In a city chock-full of restaurants fit for any craving, eating out is not just the cool thing to do, but the easiest thing to do. Going out to eat with friends or family is a social norm that doesn’t depend on age. Ann Arbor certainly doesn’t encourage home cooking for the most part, but some of its restaurants do offer cooking classes.

A bit of a contradiction, restaurant-sponsored cooking classes revive the fun of making something from scratch, in the comfort of a well-stocked kitchen. Why do these restaurants offer classes that could, in the long run, promote staying in?
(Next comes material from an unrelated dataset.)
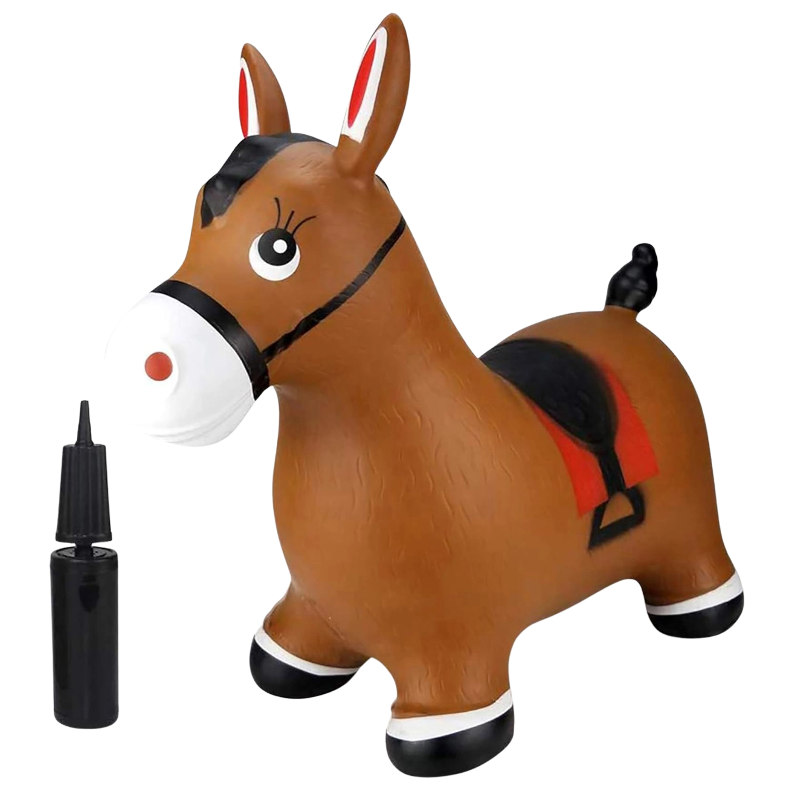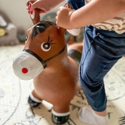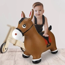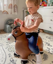 El diseño claro del adorable caballito marrón con sillín motiva al juego y estimula la imaginación. La carga máxima es de 45 kg y las presiones recomendadas de 0,3–0,4 bar garantizan la elasticidad adecuada para un salto cómodo. El paquete incluye una práctica bomba, para que la diversión empiece justo al abrirlo.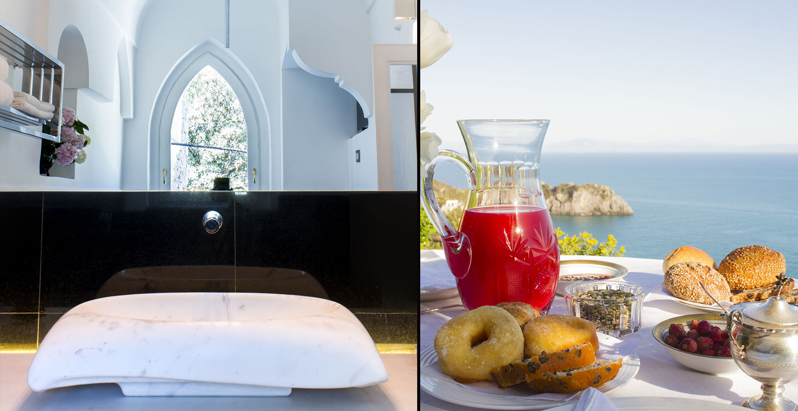 The outdoor lounge is located on the Belvedere, a few meters from the main entrance of the Villa overlooking the sea of the Bay of Capo di Conca, where you can admire the island of Li Galli, Faraglioni, and is furnished with bistro tables marble, chairs, sunbeds and a large parasol.

After all, people going out to eat keeps their bills paid.

Well, there’s something to be said about home cooking, even by the restaurant biz itself, and it may just go beyond the registration fee of the class.

My first cooking class in Ann Arbor was at Pilar’s Tamales, a family-owned Salvadorian restaurant. Ten people squeezed into the small shop and learned how to make horchata, a sweet drink made from ground-up rice and sugar. Pilar’s owner, Sylvia, didn’t push her products on the class, only her love for horchata and some of her opinions on mass food production in general. It was an experience nothing like eating out or going to class — the tutorial was more of a celebration of the art of making food.

It was hard to imagine why Sylvia would see fit to hold such a class. The process could have easily been YouTubed, the recipe could have been attained from a number of online sources or we could have walked in, grabbed one of Pilar’s homemade horchatas on the shelf and left in a Starbucks-esque frenzy.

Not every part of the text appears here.